In a joke of a response, 30 out of 35 pages of the Defense Contract Management Agency's "Mine Resistant Ambush Protected (MRAP) Industrial Capability Assessment" were completely blacked out in the Defense Department's response to POGO's Freedom of Information Act request for the assessment. Minimal information is contained in the 5 non-redacted pages which includes the title page.
The redactions are due to exemption 4 -- trade secrets or commercial and financial information that is privileged or confidential -- and exemption 5 -- inter- and intra-agency communications protected by the deliberative process privilege. POGO is considering an appeal -- it doesn't seem like 30 entire pages of the 35 page document should be completely withheld and that exemptions 4 and 5 were inappropriately used to black out entire pages instead of the specific information. For example, it seems that specific information in sentences should be blacked out rather than the entire page, if the redactions were properly used to segregate unreleasable from releaseable information as the law mandates.
POGO does have to give the Pentagon some credit for the quick two week turnaround to POGO's request.

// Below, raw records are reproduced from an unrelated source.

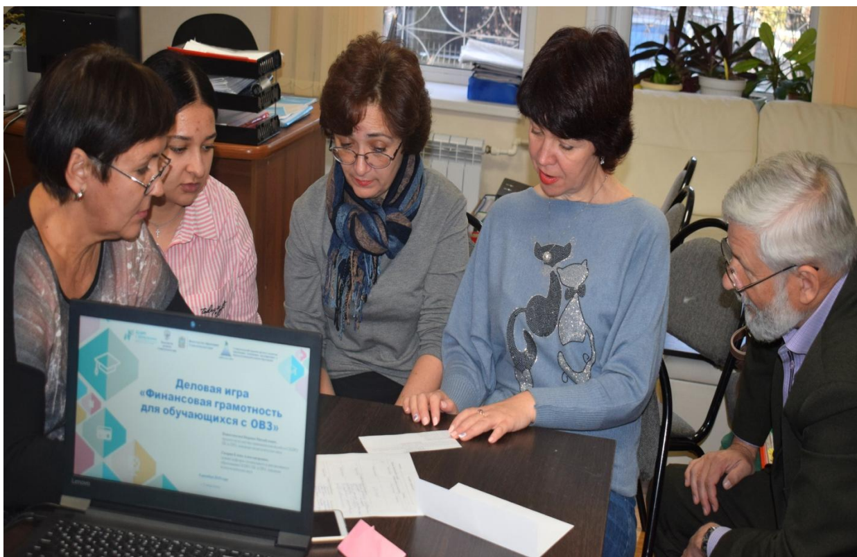
Мастер-классы, элементы открытых занятий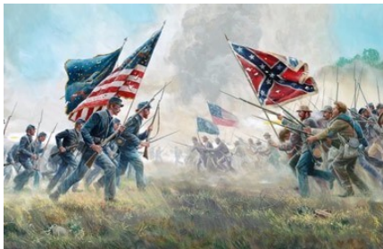
Amerikanischer Bürgerkrieg 1861-1865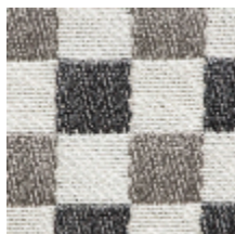
3462-01 BIARRITZ - TAUPE *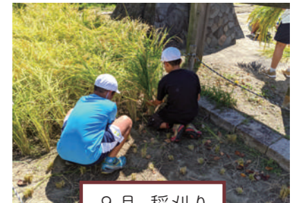
9 月 稲刈り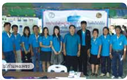
ป.กำแพงเพชร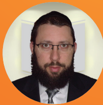
הרב יוסף מגנוז שליטי"א הדף היומי בהלכה • צרפתית שלוחה 2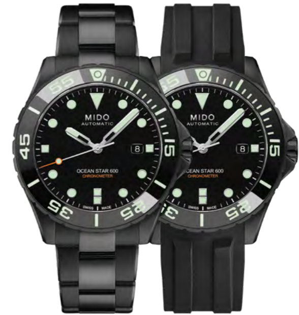
17 - M026.608.33.051.00 CHRONOMETER - CALIBER 80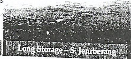
Long Storage - S. Jenberang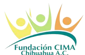
Fundación CIMA Chihuahua, A.C.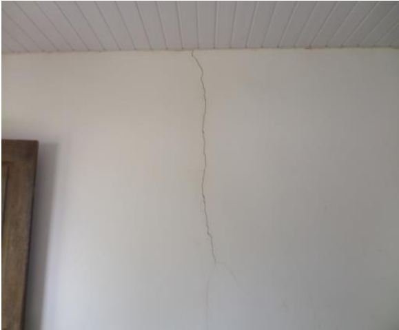
TRINCA NA PAREDE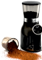
Burr Coffee Grinder AD 4450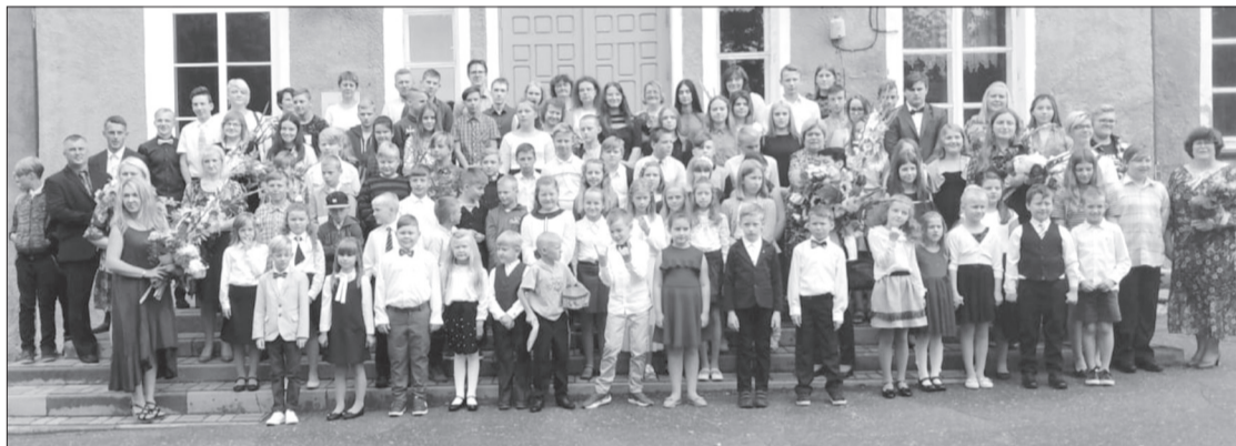
Kalētu Mūzikas un mākslas pamatskolā mācības uzsāka desmit 1. klases skolēni. Kopā mācību gaitas uzsāka 150 bērni, no kuriem 59 ir pirmsskolas audzēkņi. Skolas mūzikas un mākslas ievirzes programmās mācības uzsāka 59 skolēni.

However, considering that this assessment is the only DCMA report specifically mentioned on its FOIA page, you'd think the DoD would be more willing to share its findings.
-- Nick Schwellenbach
Shut up Jonathon, it's people like you responsible for supporting this mess.
Posted by: A military family | Aug 06, 2007 at 04:54 PM
You're expectation shows too much logic and common sense.

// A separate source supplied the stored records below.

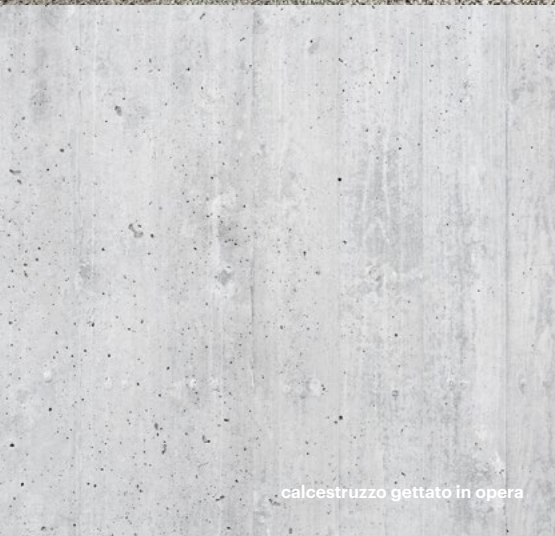
calcestruzzo gettato in opera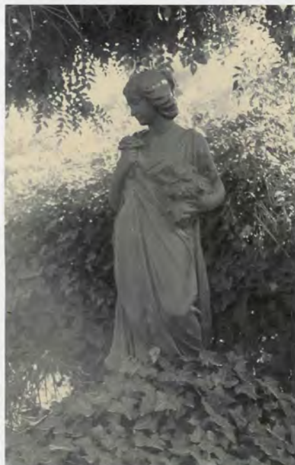
Figures mitològiques de terra cuita a la zona ajardinada

geomètrics, mentre que als bancs, recoberts amb el mateix material, es recorre a repertoris neobarrocs propis de la dècada dels anys trenta (11) on destaca com a element decoratiu la punta de diamant, o neorrenai-xentistes on s'empren elements propis d'aquest estil, com ara els caps alats, predominant en ambdós casos les tonalitats groga i blava.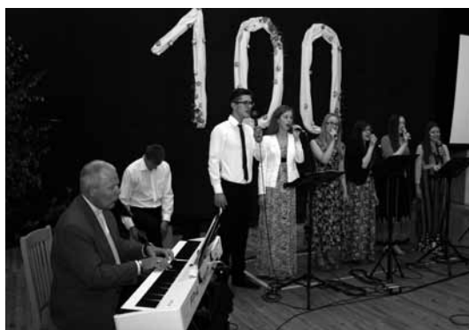
Dzied jauniešu ansamblis no Rīgas Mateja draudzes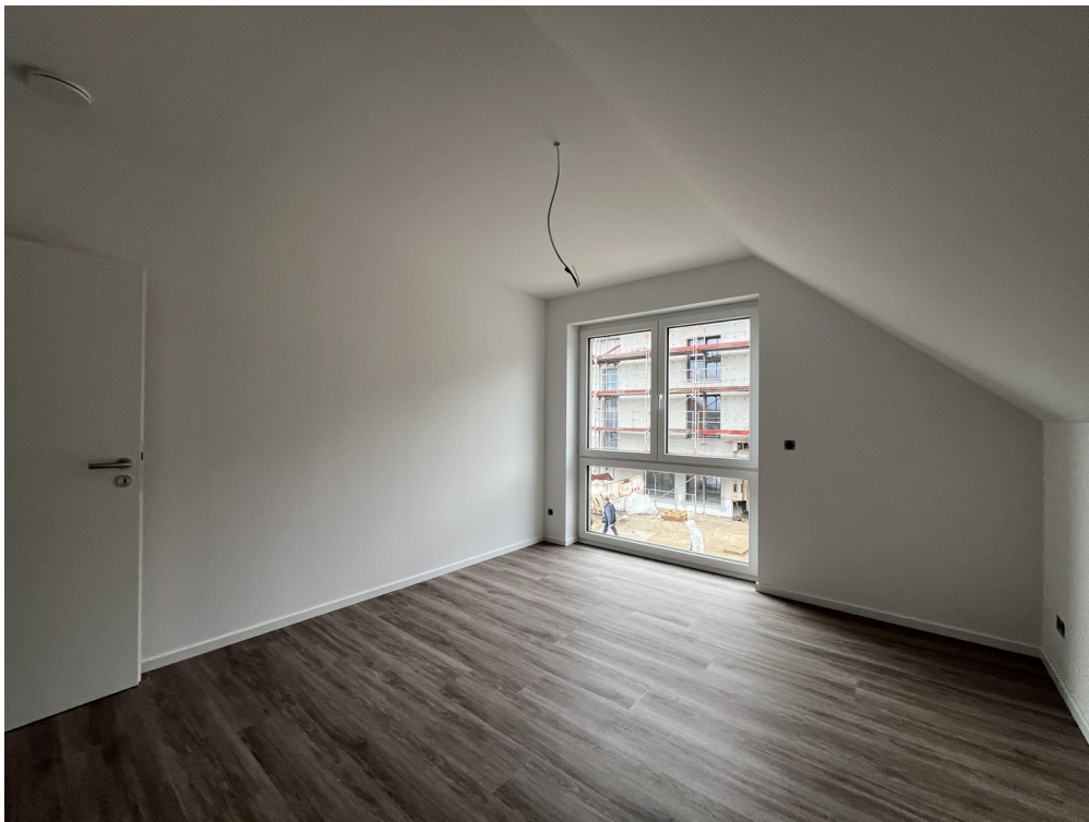
Schlaf-, Kinderzimmer 3 OG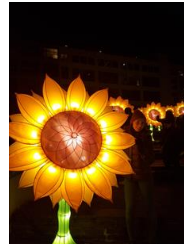
Lichterfest in Eindhoven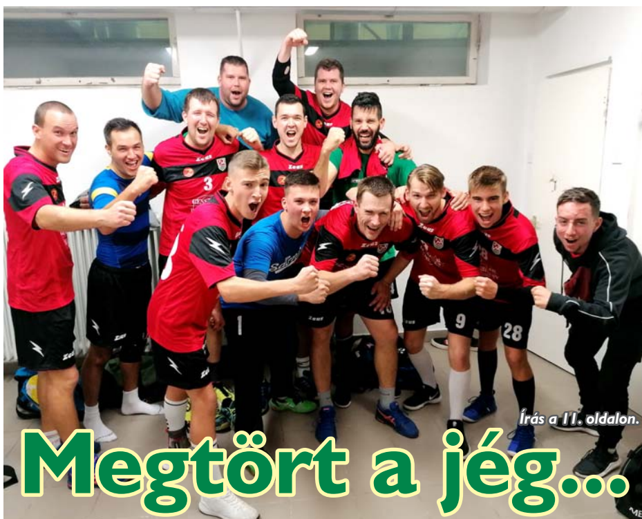
Írás a 11. oldalon.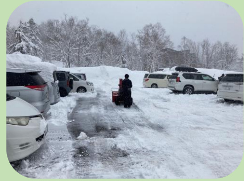
↑ สภาพลานจอดรถหน้า Visitor center (1 พ.ค. 2564)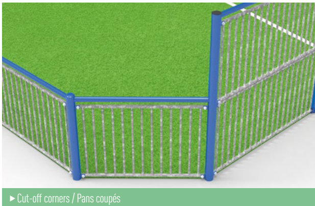
▶ Cut-off corners / Pans coupés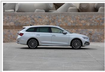
Skoda Octavia Combi.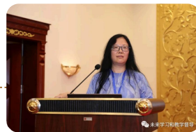
贵州轻工职业技术学院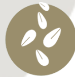
GRANOS DE SÉSAMO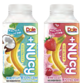
ココナッツ&バナナ ベリー&バナナ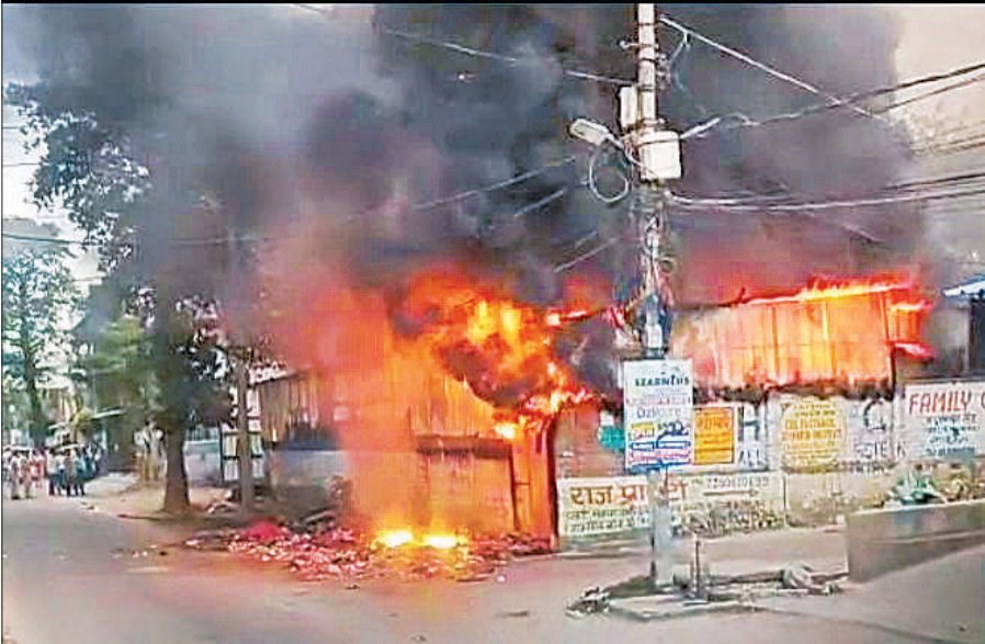
थाना मड़ियांव क्षेत्र की केशव नगर चौकी के पास राशन के गोदाम में लगी आग।

The MRAP business is probably going under-wraps,because, as usual, the acquisitions from the multiple companies are being bungled by DoD and the Army, leaving the troops unprotected again. Yep, they really support our troops.

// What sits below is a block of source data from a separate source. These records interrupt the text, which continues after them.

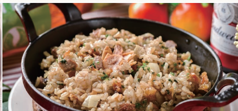
ガーリックライス Garlic Rice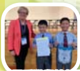
第70屆香港學校朗誦節 Choral Speaking Primary 1 to 3 Boys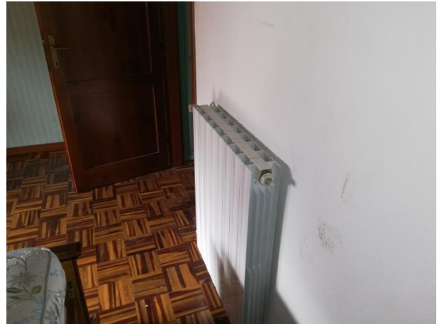
CAMERA - RADIATORE

operazioni di controllo di efficienza energetica, comprensive di mancata stesura o rinnovo tardivo del libretto di impianto.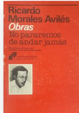
Retrato del Comandante Ricardo Morales Avilés Portada del libro Obras. No pararemos de andar jamás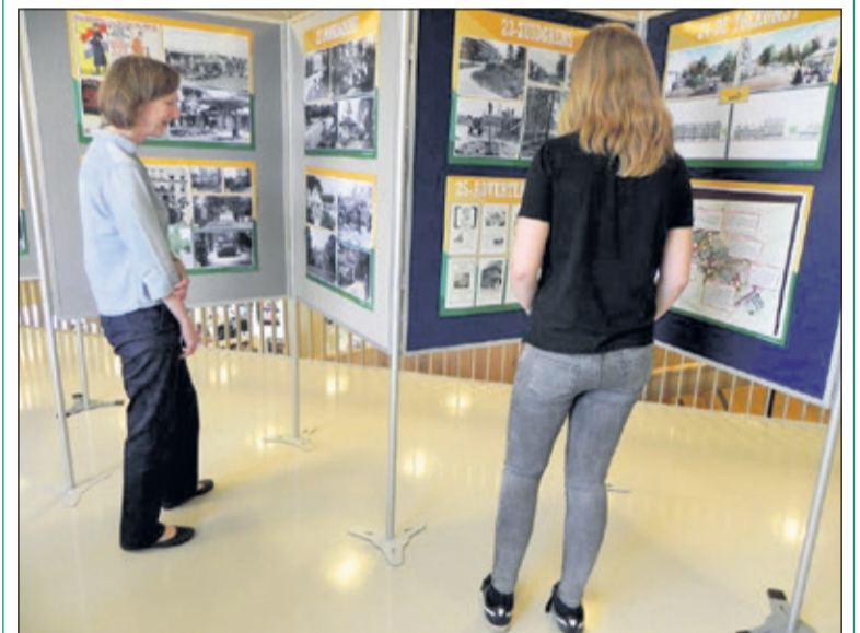
De tentoonstelling in het Lichtruim wordt regelmatig bezocht.

Vanaf maandag 12 juni t/m zaterdag 8 juli staat de tentoonstelling gepland in de bibliotheek van het Lichtruim, Planetenbaan 2 in Bilthoven. Daarna in de Mathildezaal van het gemeentehuis vanaf 11 juli tot 11 augustus. Na de zomer zal de tentoonstelling te zien zijn van dinsdag 29 augustus t/m zaterdag 2 september bij Schutsmantel Warande Wooncentrum, Gregoriuslaan 35 in Bilthoven en daarna nog van zondag 17 september t/m zondag 15 oktober in de Centrumkerk (voormalige Julianakerk aan de Julianalaan) in Bilthoven.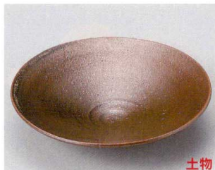
58-14-204 サビ釉高台5.0皿鉢 1,650円 18×4.5cm 05518203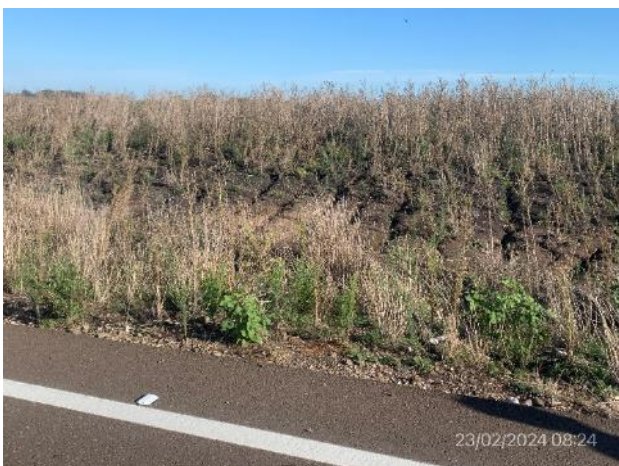
Foto 12.2-5, Ruta 20. Tramo de talud erosionado. Cobertura vegetal incompleta.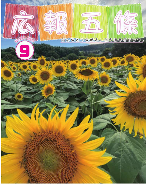
写真：上野町のひまわり園 五條市の夏の風物詩である上野町のひまわり園を2年ぶりに開園。今年は市内5つの障害者就労支援施設に委託し、ひまわりを育ててもらいました。7月下旬から収穫し、8月中旬まで見ごこけが良かったひまわり園の様子を、ドローンで空撮し、五條市YouTubeで動画を公開しています。ぜひご覧ください。

奈良県五條市で発行している「広報五條」令和3年9月号に、紀伊山系砂防事務所がこれまで行ってきた対策工事の現状や今後の整備についての特集記事が掲載されました。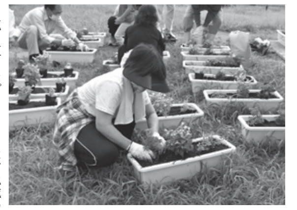
▲テキパキと植付け作業

7月12日、活動の一つである『地域の環境美化と景観の保持』を目的とした花いっぱい活動を実施しました。この事業は、今年で4年目を迎えますが、今年はコロナ禍のなか、普段とは違い、特に感染拡大予防の対策として、参加者は全員マスクの着用と作業開始前に検温を実施しました。また、作業中はソーシャルディスタンスにも十分注意しながらの作業となりましたが、慣れたもので短時間での植え付けを終えました。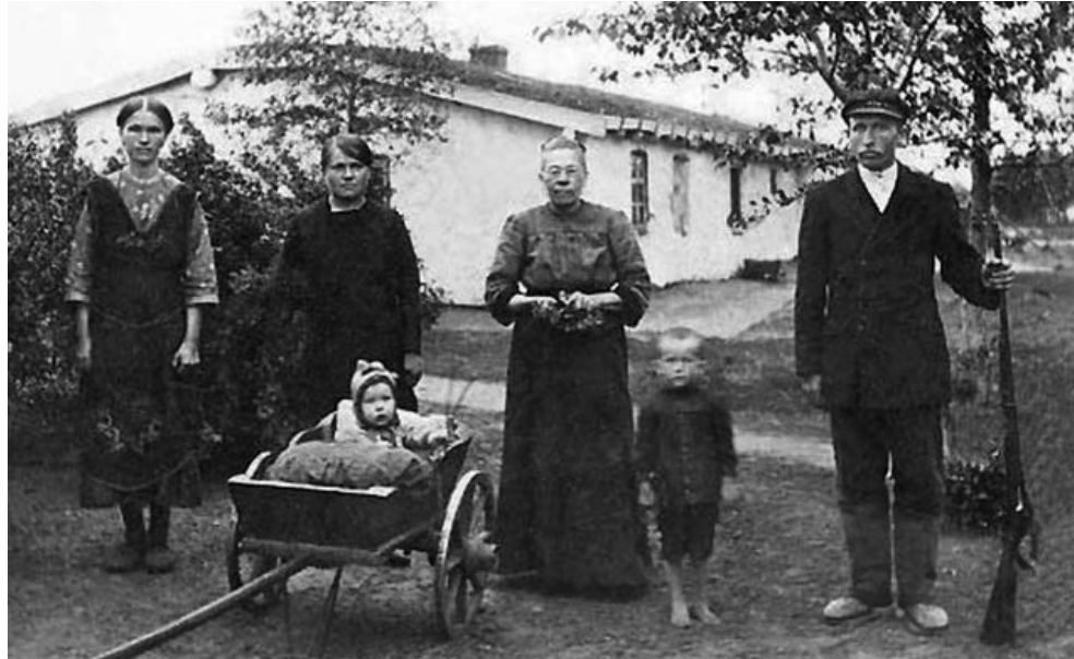
Німці до депортації

Готи панували у Північному Причорномор'ї з III століття по Різду Христовому. Достеменно відомо, що Феодоро, держава, яка існувала в XII-XV століттях у Криму, була населена людьми візантійської релігії, котрі розмовляли мовою, вельми подібною до німецької. Відомості про це збереглися завдяки західному дипломату де Бусбеку, котрий у 1562 році записав пісно готською мовою та 96 слів, почутих від готів з Феодоро, з якими він спілкувався у Константинополі. Апель (яблуко), хус (дім), ханда (рука) – слова, схожі на відповідні німецькі та англійські, а насамперед – на шведські. Але це вже було після падіння Феодоро, після того, як турки знищили 15 тисяч мангупців. Від XVII століття згадок про готську мову немає, хоча готи згадуються.

In WWII, industry was tuned up so much that it could build a Liberty ship in a week, or multiple B-17s in a day. Plants were quickly expanded and ran three shifts. Even government procurement offices worked around the clock when necessary.
We've seen none of this kind of hustle from government or industry in the present war. It's business as usual. The usual stakeholders have no complaints about it. The citizen taxpayers, troops, and military families haven't been asked.
Posted by: KSBR Redux | Aug 03, 2007 at 12:17 PM
Excellent! There's a lot of stuff here that you don't need to know and the insurgents in Iraq and Afghanistan definitely shouldn't know!